One aspect that can protect software companies is the mastery of knowledge regarding how their respective industries function, which then translates to the needs of their industry and leads to the design of more specialized products. This is knowledge that cannot be copied and one cannot give AI a prompt to replicate it. This falls in line with the concept of another Buffet concept— economic moat.
The concept alludes to the moats dug around castles, which made it difficult for enemies to enter. In the economic sphere, the term refers to companies that have a competitive advantage that other businesses cannot replicate, which tends to secure their market share.
Access Continues to be the Key Factor for Puerto Rico
In technology and the emerging sector of artificial intelligence, Bravo recognizes that Puerto Rico is not in a competitive position regarding several aspects.
To begin with, Puerto Rico does not have the established ecosystem that different regions of the United States have, such as the San Francisco Bay Area, which includes both Silicon Valley and the city of San Francisco. This area of California also has the benefit of its proximity to elite universities in science and technology like Stanford, the benefit of networks formed by having a high concentration of these companies within a short distance, and the access to billions of dollars in capital that would be needed to compete with the largest AI companies.

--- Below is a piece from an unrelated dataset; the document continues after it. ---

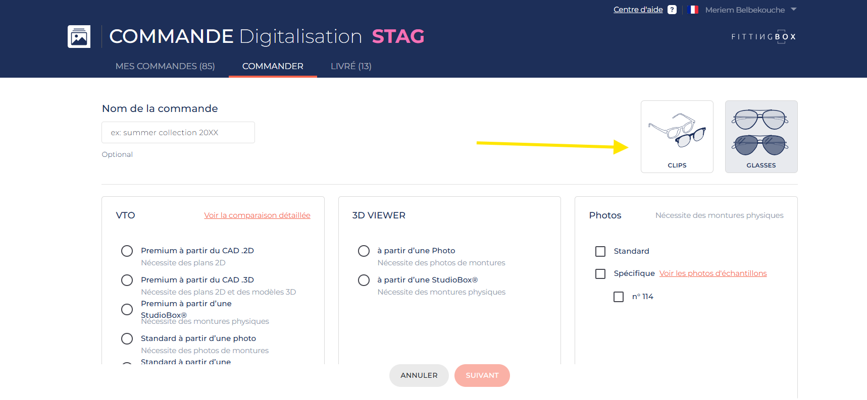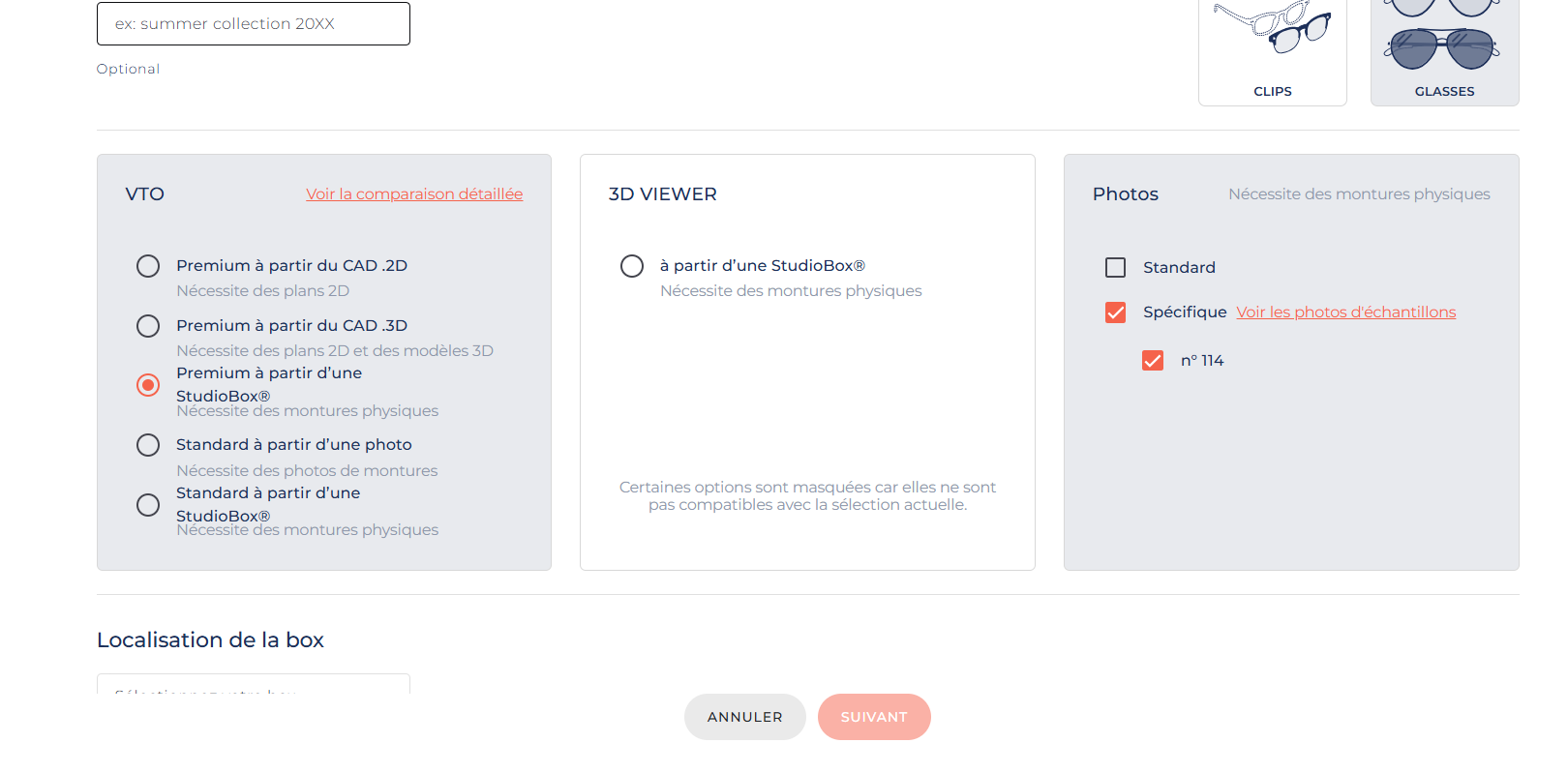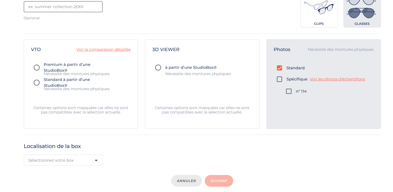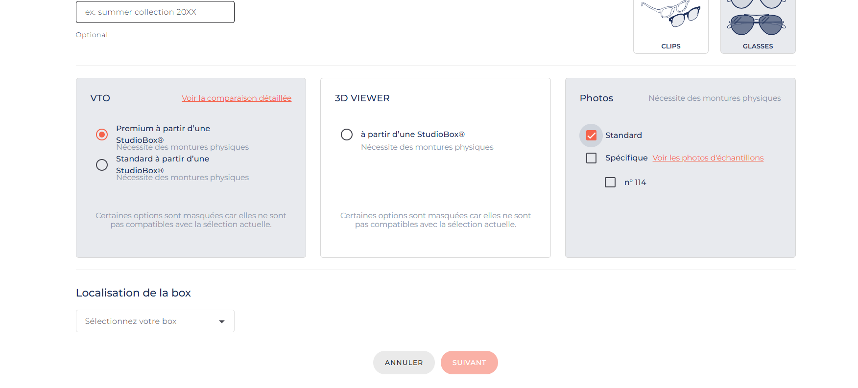 Si vous êtes sur le type "Lunettes", vous pouvez passer à Clips, mais notez que votre configuration sur Lunettes (si vous avez fait une sélection) n’est pas enregistrée. Vous devrez re-sélectionner vos services si vous revenez de Clips à Lunettes.

With the expansion of artificial intelligence, the need to build data centers that house the computer servers LLMs need to function has also increased. According to a study by the real estate firm JLL, the demand for data centers is expected to grow by 23% each year until 2030; therefore, there is an emerging, though controversial, market in the construction of these data centers.

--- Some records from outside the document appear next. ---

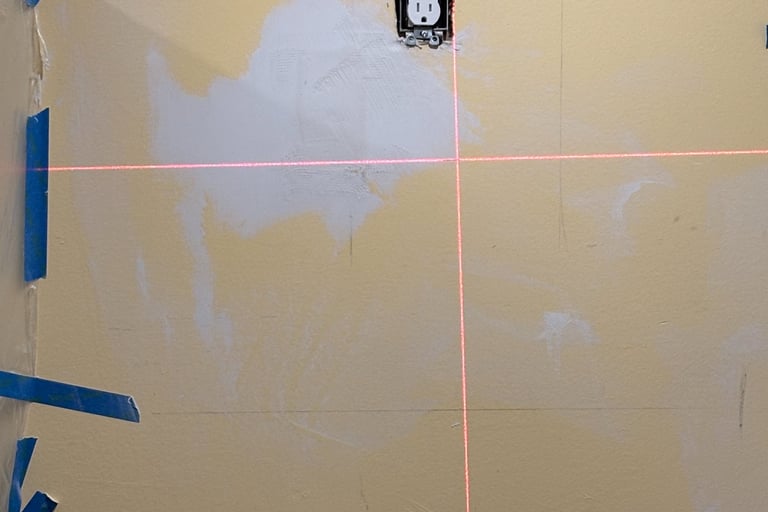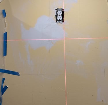 I pulled out my trusty laser level to make sure i centered the fan and especially the chimney above the stove.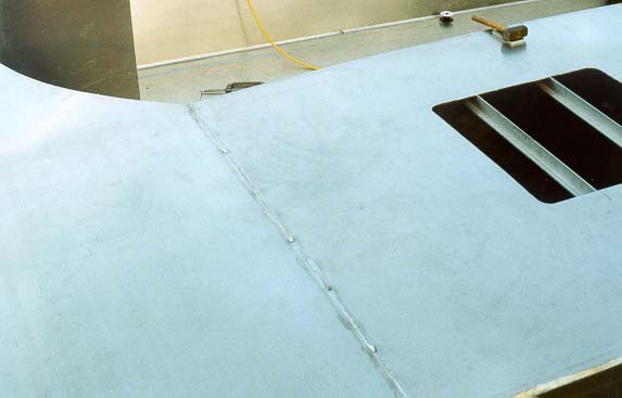 August 23 1998 11 hour: Cut bridge aft section. Chunkout cabintop centre and aft cockpit bulkhead. Weld out lap joint on top at cockpit bulkhead. Tack front end and support with 2 /12" Tbar. Cut and start to fit first 9" half pipe stringer under bridge. Weld out most of mid deck and stitch forward side decks to Tbar. Had my wife help out for 1.5 hr !!!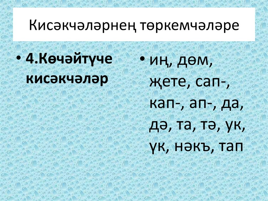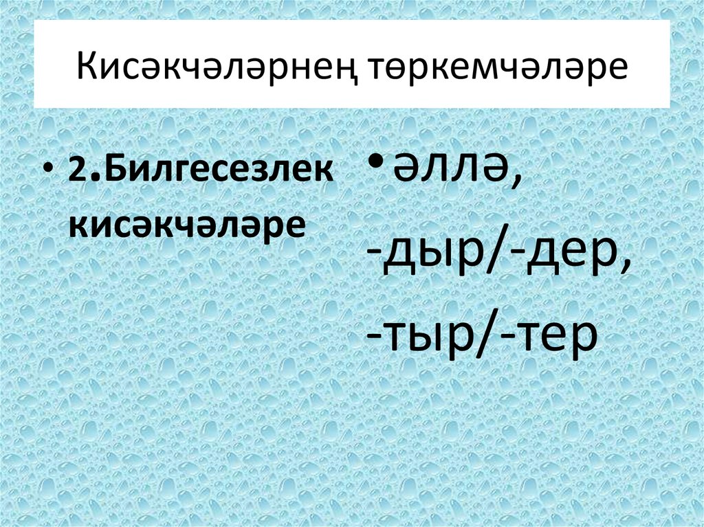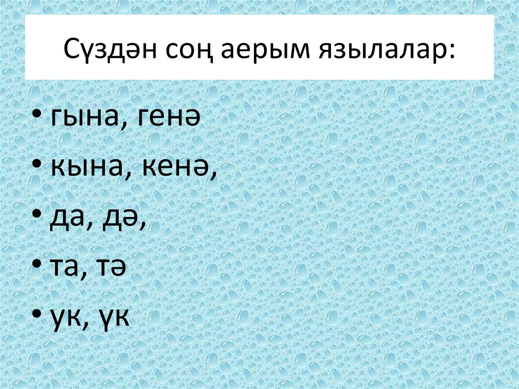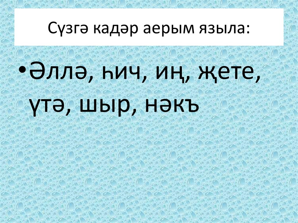 Сүзгә кадәр аерым языла:•Әллә, һич, иң, җете,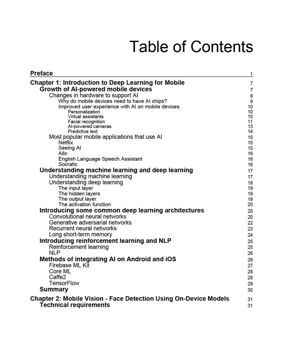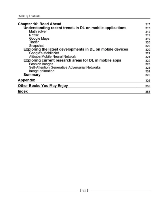 With the help of eight projects, you will learn how to integrate deep learning processes into mobile platforms, iOS, and Android. This will help you to transform deep learning features into robust mobile apps efficiently. You'll get hands-on experience of selecting the right deep learning architectures and optimizing mobile deep learning models while following an application oriented-approach to deep learning on native mobile apps. We will later cover various pre-trained and custom-built deep learning model-based APIs such as machine learning (ML) Kit through Firebase. Further on, the book will take you through examples of creating custom deep learning models with TensorFlow Lite. Each project will demonstrate how to integrate deep learning libraries into your mobile apps, right from preparing the model through to deployment.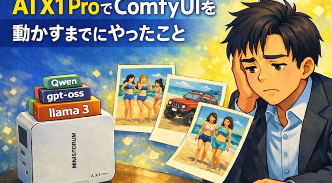 はじめに:Amuseは楽、ComfyUIは別世界だった 年末に駆け込みで衝動買いしたAI X1 Proでローカル画像生成AIを試したい。というわけで、Amuse と ComfyUI の両方を試してみた。 結論から言うと、 … 続きを読む AI X1 ProでComfyUIを動かすまでにやったこと

However, problems in Puerto Rico’s electrical infrastructure and high energy costs, in addition to the P.R. Electric Power Authority’s long-standing and as yet unresolved bankruptcy case, make the Island an unsuitable destination for companies looking to build data centers.

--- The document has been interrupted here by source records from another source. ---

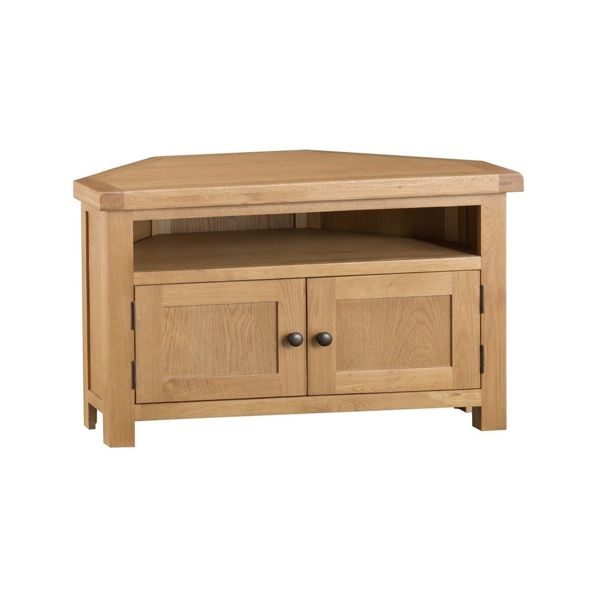 The Sydney corner TV unit will be a practical and convenient addition to your home. This TV unit is strong and durable and has a smooth medium oak finish for a classic look. It has an angular design that allow it to tuck neatly into a corner, helping conserve floor space. Stylish and practical corner TV Unit. Offers lots of cabinet storage space. Has an exterior shelf for placing your consoles. 2 small cabinet doors with antique brass knob handles. Strong, solid wood legs that offer lots of stability and support. Blends perfectly with other items from the Sydney collection. Comes ready assembled. Look out for more items from this furniture collection.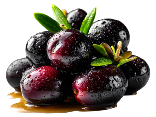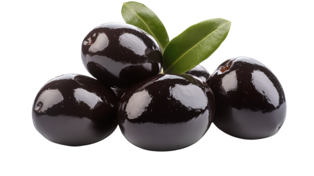 Cluster of glossy black olives, some with leaves, isolated on transparent background --ar 4:3 --v 7.0 --p 537mr6h --s 250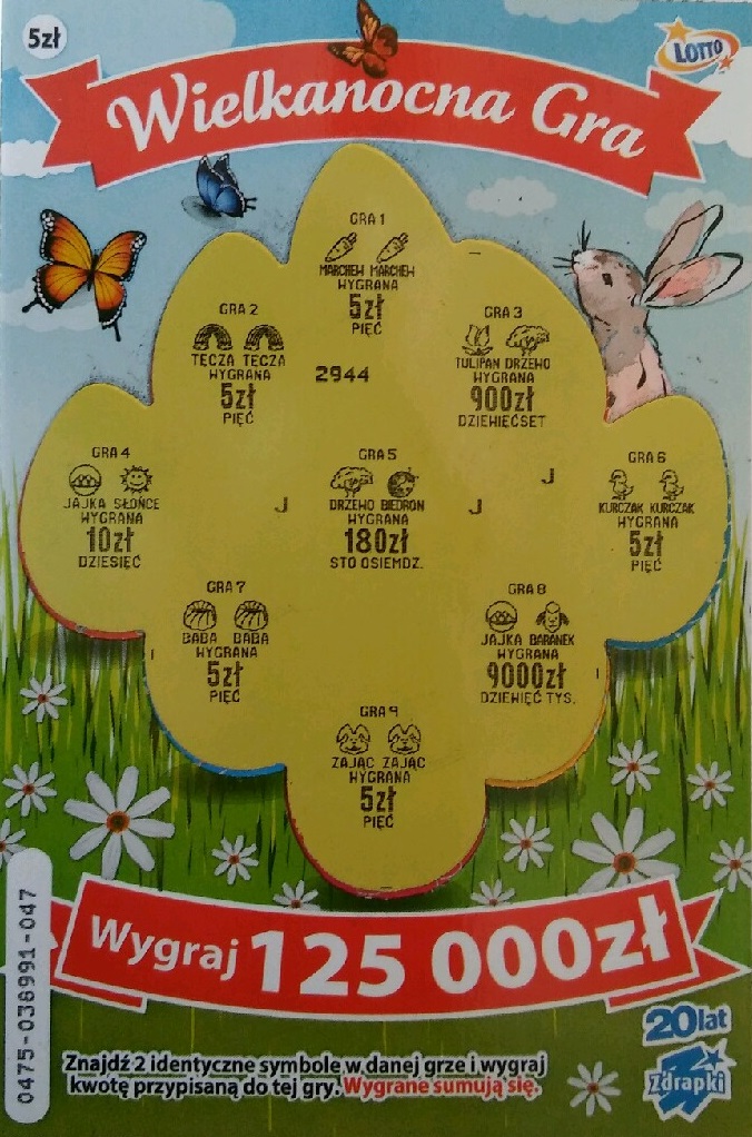 Już po świętach a nawet pełne 2 miliony losów nie zeszły i chyba nawet gorzej się sprzedaje niż rok temu. W sumie ta sama śpiewka co z kalendarzem, za duży nakład, Wielkanocną było zrobić 2 mln i wrzucić 3-4 tygodnie później i również by się sprzedała i do świąt spokojnie by jej starczyło.

For Bravo, the card Puerto Rico can play is its relationship with the United States and how it can use this to compete with countries in Latin America. Puerto Rico can benefit by renting AI services to companies that offer services more specifically adapted for different industries.
“I believe Puerto Rico has many opportunities because we have access, we can do business in the United States, and the United States can do business with us. We have a level of protection and stability that perhaps is now in doubt in other parts of Latin America,” Bravo said.
“Being in a place of stability right now is super important for businesses and for countries, and it seems to me that in Puerto Rico we are well-positioned for what is coming,” he added, who in a recent conference expressed support for Puerto Rico becoming a state.
Editor’s Note: Not all Wins
As this newspaper went to print, reports came out that Medallia, one of Thoma Bravo’s software companies, could not meet its $3 billion debt obligations. The company reportedly has yearly earnings of $200 million, which is not enough to pay interest on its debt. Thoma Bravo acquired software company Medallia for $6.4 billion during the aforementioned period of exuberant valuations of 2021.
According to reports in the Wall Street Journal (WSJ) and Reuters, Thoma Bravo is negotiating with creditors the possibility of handing over control of Medallia to its creditors, which are Blackstone, Apollo, KKR and Antares Capital. The WSJ reported that Apollo co-president John Zito criticized the arrogance of the private equity segment and used the Medallia situation as an example.
For his part, during an interview with CNBC, Bravo declined to comment on Zito’s statement. While the Thoma Bravo head tried to present a positive outlook in general during the CNBC interview, Bravo acknowledged to the media outlet that the firm made a mistake in estimating Medallia’s rate growth that caused them to pay too much for the company.